Thread Pool Executor using Concurrent: no improvement for various number of workers

Question

I'm trying to implement a task in parallel using Concurrent. Please find below a piece of code for it:

import os
import time
from concurrent.futures import ProcessPoolExecutor as PE
import concurrent.futures

# num CPUs
cpu_num = len(os.sched_getaffinity(0))
print("Number of cpu available : ",cpu_num)

# max_Worker = cpu_num
max_Worker = 1

# A fake input array
n=1000000
array = list(range(n))
results = []

# A fake function being applied to each element of array 
def task(i):
  return i**2 

x = time.time()
with concurrent.futures.ThreadPoolExecutor(max_workers=max_Worker) as executor:
  features = {executor.submit(task, j) for j in array}

  # the real function is heavy and we need to be sure of completeness of each run
  for future in concurrent.futures.as_completed(features):
    results.append(future.result())
      
results = [future.result() for future in features]
y = time.time()

print('=========================================')
print(f"Train data preparation time (s): {(y-x)}")
print('=========================================')

And now my questions,

Although there is no error, is it correct/optimized?
While playing with the number of workers, seems there is no improvement in the speed (e.g., 1 vs 16, no difference). Then, what's the problem and how can be solved?

Thanks in advance,

Are you sure threading is the right approach? Looks to me like multiprocessing (ProcessPoolExecutor) would be the better fit (here). — Timus, Jul 02 '21 at 13:54
This is a result of CPython's GIL (Global Interpreter Lock). ( https://stackoverflow.com/a/6821529/2985796 ). There are a few options. First look into the new-ish `multiprocessing` library. If that doesn't cut it in terms of the speed you desire you may have to move to a non-standard Python implementation or more than likely a generally faster programming language. — KDecker, Jul 02 '21 at 13:54
You have 3 issues: 1. `max_Worker` is 1, so by definition there will be no concurrency. 2. Your worker function, `task`, is pure Python byte-code with no I/O to release Global Interpreter Lock so you cannot *expect* to release the GIL (i.e. this is a poor candidate for multithreading). 3. This is also a poor candidate for multiprocessing because *too little work* is being done by worker function `task` to offset the overhead of passing arguments and results to and from one process to another. I would not expect much if any improvement. — Booboo, Jul 02 '21 at 14:17

Booboo · Accepted Answer · 2021-07-02T17:31:06.110

See my comment to your question. To the overhead I mentioned in that comment you need to also add the oberhead in just creating the process pool itself.

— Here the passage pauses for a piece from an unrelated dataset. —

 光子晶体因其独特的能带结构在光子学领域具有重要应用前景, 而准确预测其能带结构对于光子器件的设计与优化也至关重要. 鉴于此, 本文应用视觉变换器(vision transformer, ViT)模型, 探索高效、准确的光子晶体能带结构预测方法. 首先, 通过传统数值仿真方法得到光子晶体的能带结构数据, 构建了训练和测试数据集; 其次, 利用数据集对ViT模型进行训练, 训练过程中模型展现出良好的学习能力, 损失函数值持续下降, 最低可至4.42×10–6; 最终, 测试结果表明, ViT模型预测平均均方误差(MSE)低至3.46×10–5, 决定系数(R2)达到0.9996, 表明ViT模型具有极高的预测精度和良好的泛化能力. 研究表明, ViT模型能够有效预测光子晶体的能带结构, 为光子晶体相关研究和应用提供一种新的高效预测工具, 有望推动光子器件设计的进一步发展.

The following is a benchmark with several results. The first is a timing from just calling the worker function task 100000 times and creating a results list and printing out the last element of that list. It will become apparent why I have reduced the number of times I am calling task from 1000000 to 100000.

The next attempt is to use multiprocessing to accomplish the same thing using a ProcessPoolExecutor with the submit method and then processing the Future instances that are returned.

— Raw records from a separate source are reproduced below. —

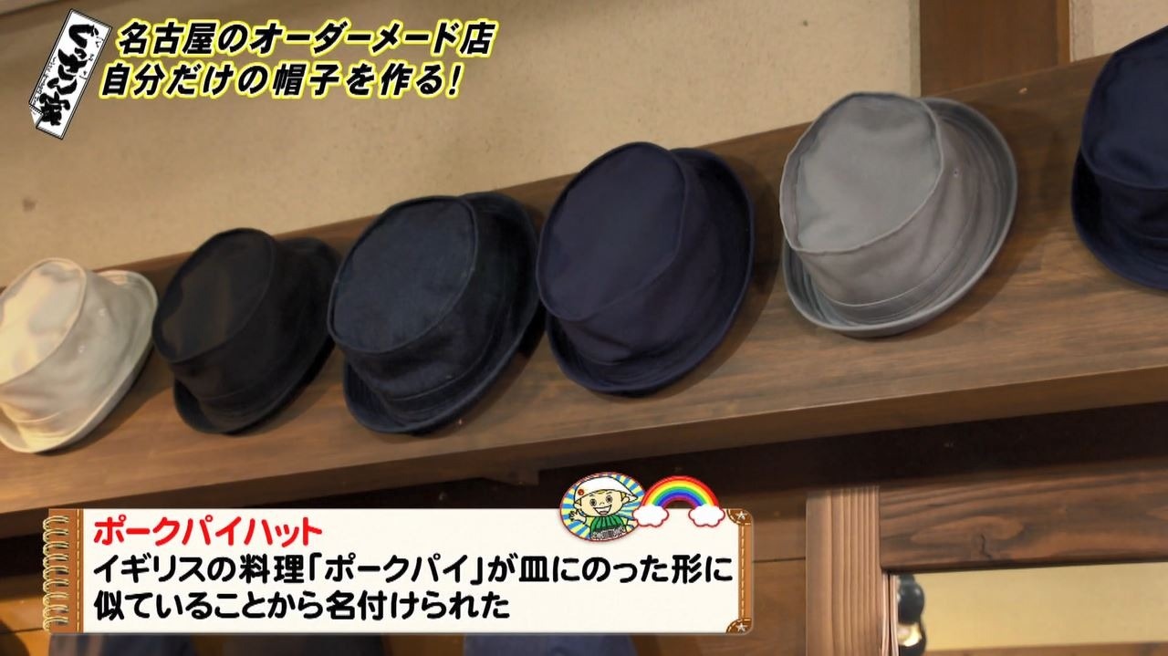 続いては帽子の型選び。店内にはハンチングやキャスケットなど様々な帽子がズラリと並びます。中でもぐっさんが注目したのが『ポークパイハット』という帽子。
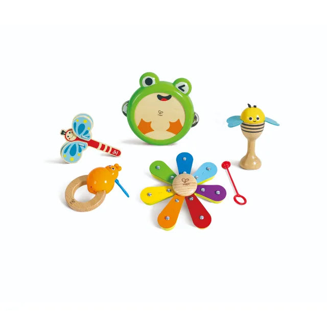 - FIVE INSTRUMENTS TO PLAY: This set includes a castanet butterfly, a bee maraca, a firefly bell, a flower xylophone and a frog tambourine.
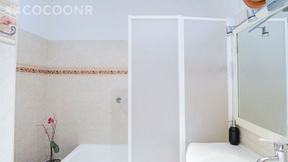 - Une salle de bain avec une baignoire, une vasque, un sèche-cheveux ainsi que du shampoing et/ou gel douche à disposition.
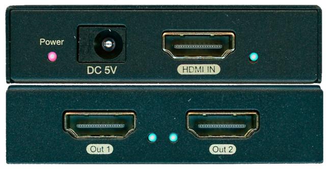 入力面の反対側には、2分配された、HDMI出力が2系統あり、各々のインジケータとして青のLEDが付いています。
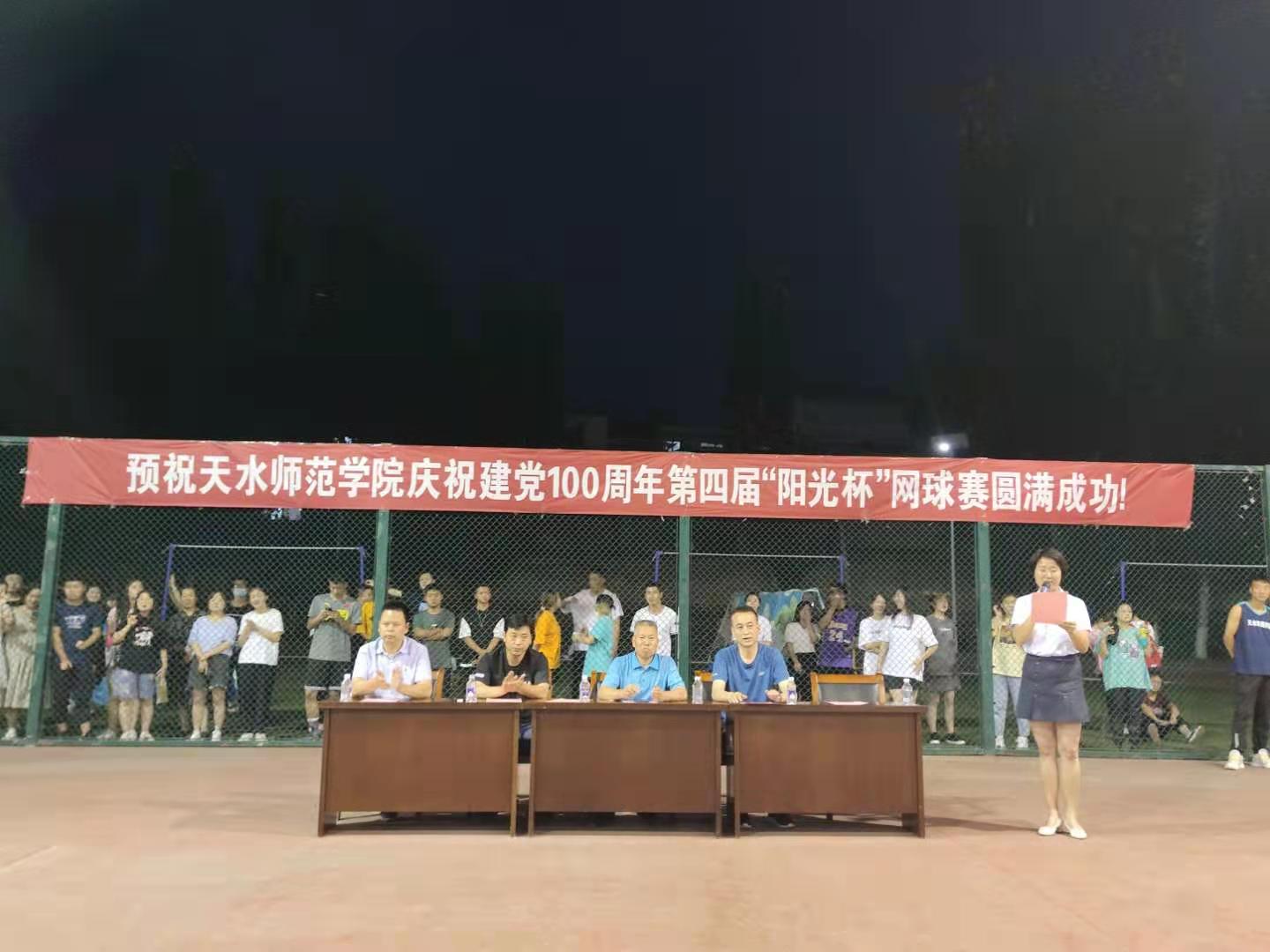 2021年6月29日晚,天水师范学院庆祝建党100周年暨第四届“阳光杯”网球赛圆满落幕。闭幕式现场进行了文体节目表演及颁奖仪式,KY开元集团官网的领导为获奖选手颁奖。

The next attempt is to instead use the map method with the default chunksize argument of 1 being used. It is important to understand this argument. With a chunksize value of 1, each element of the iterable that is passed to the map method is written individually to a queue of tasks as a chunk to be processed by the processes in the pool. When a pool process becomes idle looking for work, it pulls from the queue the next chunk of tasks to be performed, processes each task comprising the chunk and then becomes idle again. When there are a lot of submitted tasks being submitted via map, a chunksize value of 1 is inefficient. You would expect its performance to be equivalent to repeatedly issuing submit calls for each element of the iterable.

The next attempt specifies a chunksize value which approximates more or less the value that the map function used by the Pool class in the multiprocessing package would have used by default. As you can see, the improvement is dramatic, but still not an improvement over the non-multiprocessing case.

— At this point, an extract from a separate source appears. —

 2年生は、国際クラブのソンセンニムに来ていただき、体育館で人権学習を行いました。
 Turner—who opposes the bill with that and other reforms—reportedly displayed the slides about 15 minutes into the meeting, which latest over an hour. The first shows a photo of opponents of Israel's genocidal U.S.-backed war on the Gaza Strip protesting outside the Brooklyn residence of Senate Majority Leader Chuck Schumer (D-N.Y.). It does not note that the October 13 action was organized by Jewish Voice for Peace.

The final attempt uses the multiprocessing faciltity provided by package multiprocessing and its multiprocessing.pool.Pool class. The difference in this benchmark is that its map function uses a more intelligent default chunksize when no chunksize argument is specified.

import os
import time
from concurrent.futures import ProcessPoolExecutor as PE
from multiprocessing import Pool

# A fake function being applied to each element of array
def task(i):
  return i**2

# required for Windows:
if __name__ == '__main__':
    n=100000

    t1 = time.time()
    results = [task(i) for i in range(n)]
    print('Non-multiprocessing time:', time.time() - t1, results[-1])

    # num CPUs
    cpu_num = os.cpu_count()
    print("Number of CPUs available: ",cpu_num)

    t1 = time.time()
    with PE(max_workers=cpu_num) as executor:
        futures = [executor.submit(task, i) for i in range(n)]
        results = [future.result() for future in futures]
    print('Multiprocessing time using submit:', time.time() - t1,  results[-1])

    t1 = time.time()
    with PE(max_workers=cpu_num) as executor:
        results = list(executor.map(task, range(n)))
    print('Multiprocessing time using map:', time.time() - t1, results[-1])

    t1 = time.time()
    chunksize = n // (4 * cpu_num)
    with PE(max_workers=cpu_num) as executor:
        results = list(executor.map(task, range(n), chunksize=chunksize))
    print(f'Multiprocessing time using map: {time.time() - t1}, chunksize: {chunksize}', results[-1])

    t1 = time.time()
    with Pool(cpu_num) as executor:
        results = executor.map(task, range(n))
    print('Multiprocessing time using Pool.map:', time.time() - t1, results[-1])

Prints:

Non-multiprocessing time: 0.027019739151000977 9999800001
Number of CPUs available:  8
Multiprocessing time using submit: 77.34723353385925 9999800001
Multiprocessing time using map: 79.52981925010681 9999800001
Multiprocessing time using map: 0.30500149726867676, chunksize: 3125 9999800001
Multiprocessing time using Pool.map: 0.2799997329711914 9999800001

Update

The following bechmarks use a version of task that is very CPU-intensive and shows the benefit of multiprocessing. It would also seem for this small iterable size (100), forcing a chunksize value of 1 for the Pool.map case (it would by default compute a chunksize value of 4), is slightly more performant.

import os
import time
from concurrent.futures import ProcessPoolExecutor as PE
from multiprocessing import Pool

# A fake function being applied to each element of array
def task(i):
    for _ in range(1_000_000):
        result = i ** 2
    return result

def compute_chunksize(iterable_size, pool_size):
    chunksize, remainder = divmod(iterable_size, pool_size * 4)
    if remainder:
        chunksize += 1
    return chunksize

# required for Windows:
if __name__ == '__main__':
    n = 100
    cpu_num = os.cpu_count()
    chunksize = compute_chunksize(n, cpu_num)

    t1 = time.time()
    results = [task(i) for i in range(n)]
    t2 = time.time()
    print('Non-multiprocessing time:', t2 - t1, results[-1])

    # num CPUs
    print("Number of CPUs available: ",cpu_num)

    t1 = time.time()
    with PE(max_workers=cpu_num) as executor:
        futures = [executor.submit(task, i) for i in range(n)]
        results = [future.result() for future in futures]
        t2 = time.time()
    print('Multiprocessing time using submit:', t2 - t1,  results[-1])

    t1 = time.time()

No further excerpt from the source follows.